Где-то за туманом, за далью гор — утро. Но еще спят болота, мокрые от ночного дождя стланики, звери, птицы… В этот предутренний час, как никогда, чуток сон в природе.
Карарбах опускает в банку с сгущенным молоком кончик прутика, долго обсасывает его, запивая большими глотками чаю. Видно, его язык не избалован сладостями, пьет он долго, вольготно.
— Значит, идете? — спрашивает меня Цыбин.
Долбачи поднимает на меня глаза.
— Конечно, иду! Иначе не встретиться с людоедом, если он нападает только на одного человека. В этом нельзя не верить Карарбаху.
Цыбин неодобрительно покачал головою.
— Не так страшен черт, как его малюют, — говорю я. — Ведь ребята погибли, не подозревая о существовании людоеда на Ямбуе. Их подвела беспечность. А мне — куда проще: я знаю со слов Карарбаха нрав этого зверя: откуда, с какой стороны он может напасть. Значит, нелегко будет меня поймать врасплох.
— Ну что ж, ни пуха, ни пера! — говорит Цыбин, громко прихлебывая чай.
За свои годы странствий по тайге мне пришлось охотиться почти на всех крупных зверей.
Эта охота была необходима, как источник питания при работах в отдаленных, безлюдных пустырях.
Когда добываешь сохатого, оленя, серну, все очень просто. Другое дело
— охота по медведю. Ведь медведь сильный и свирепый зверь. Хотя ты и убежден, что он боится человека, но тебя все время держит в тисках ощущение опасности. Эта охота требует не только навыка, знаний повадок зверя, но и большого самообладания.
Кто-то несдержанно зашлепал по болоту, прошел, никого не вспугнув, до самого подножья Ямбуя.

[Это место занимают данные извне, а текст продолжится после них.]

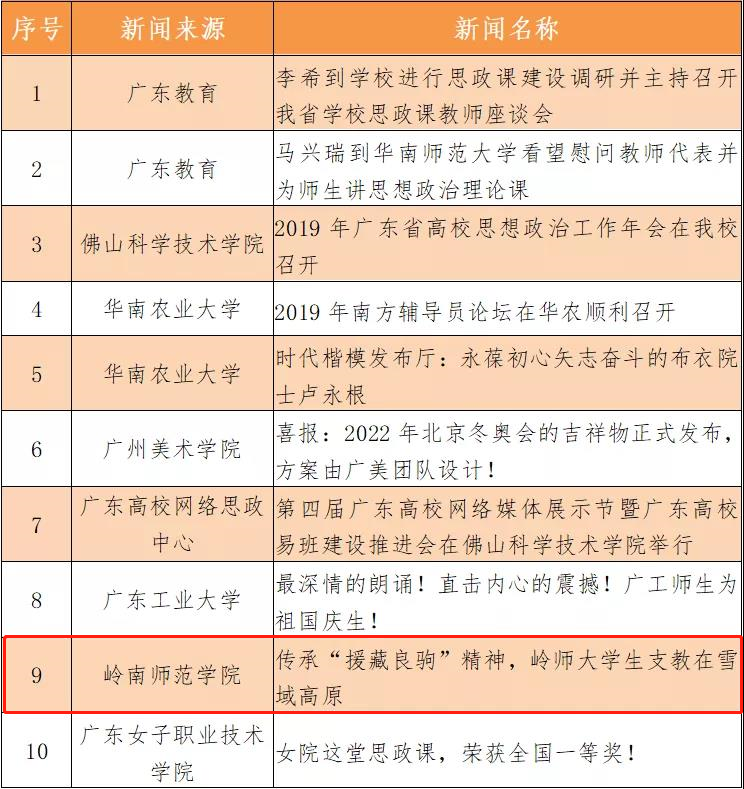 4月23日,广东高校网络思想政治工作中心公布2019年广东高校十大网络思政新闻评选活动结果,岭南师范学院新闻《传承“援藏良驹”精神,岭师大学生支教在雪域高原》入选“2019年度广东高校十大网络思政新闻”。

Карарбах свернул сшитые им унты, перевязал их ремешком, положил в котомку. Туда же засунул и кусок брезента. Встал, повесил однополую дошку на сук под елью, отошел от огня. Долго всматривался в небо, звездное к северу и совершенно черное от туч над Становым.
Туман рассеялся и только над проточной водою лежал прозрачно-голубоватой полоской. Всплыла чернь болот, показались широкие разливы стлаников. Поднялся Ямбуй, огромный, могучий.

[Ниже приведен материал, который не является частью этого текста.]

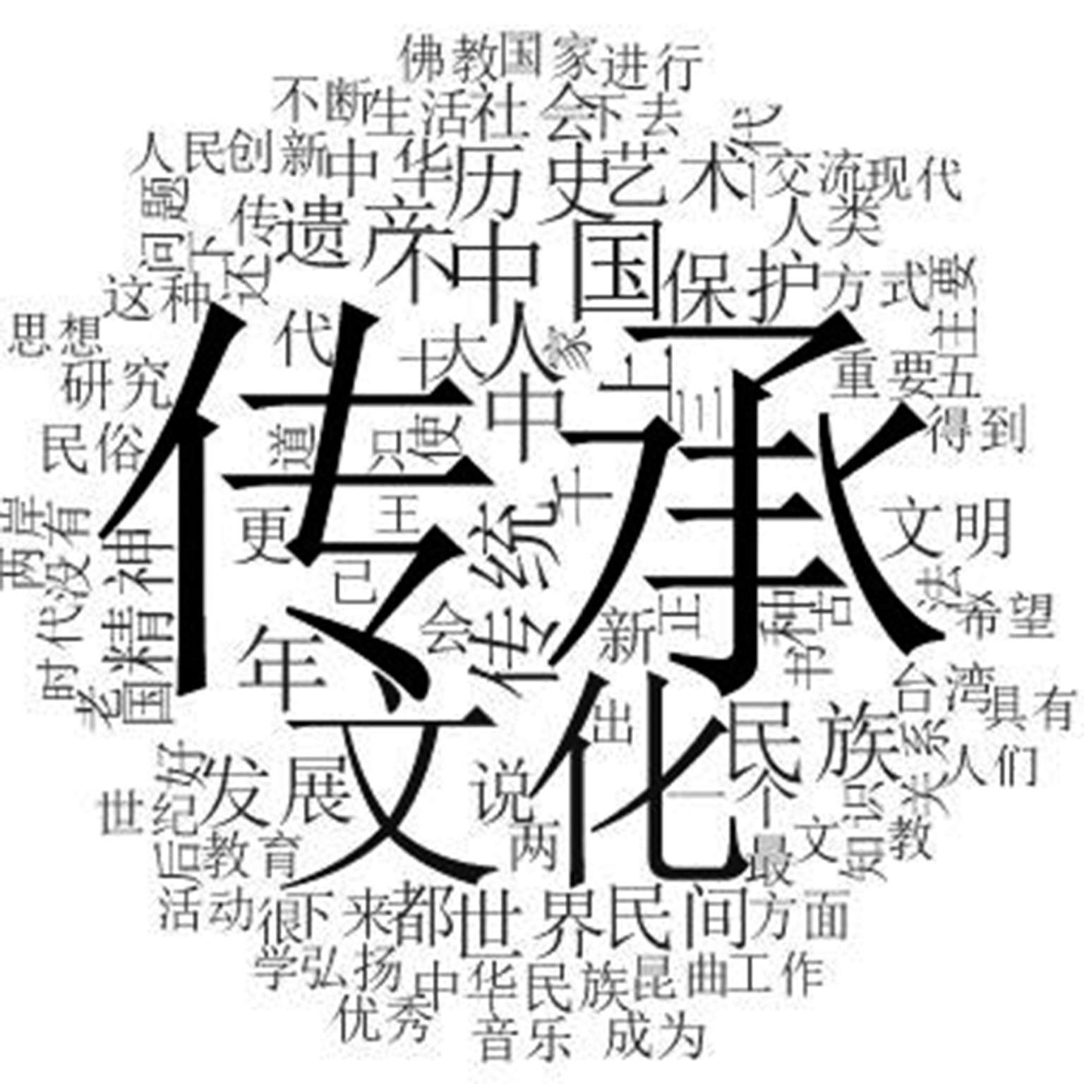 进行普通查询后,得到使用“传承”的语料1 562条、使用“传播”的语料16 541条。由此可见,在实际运用中“传播”的使用频次更高。我们把这些语料导入Nvivo12软件生成词库云(见图2-1、图2-2)。

Идем со стариком умываться.
Мы огибаем кустарник и по мелкому ернику выходим к краю перелеска, к заливчику. Он соединен неширокой горловиной с озером. Наклоняюсь к зеркальной поверхности застывшего водоема, хочу зачерпнуть воды и чувствую, как на мою спину ложится тяжелая рука Карарбаха. Старик косит глаза влево. Смотрю туда — на озере метрах в пятидесяти от нас небольшой табунчик казарок. Они заметили нас, пугливо жмутся к противоположному, тенистому берегу, но не улетают. Странно, казарка — птица дикая и осторожная. Почему же они так опрометчиво поступают?
Карарбах тянет меня за телогрейку, показывает на гусей, затем поднимает лицо к небу. Гляжу, два белохвостых орлана кружатся в поднебесном просторе. Вот оно что — гусей в воздухе караулит смерть. Может быть, поэтому и казарки опаздывают, время их пролета закончилось.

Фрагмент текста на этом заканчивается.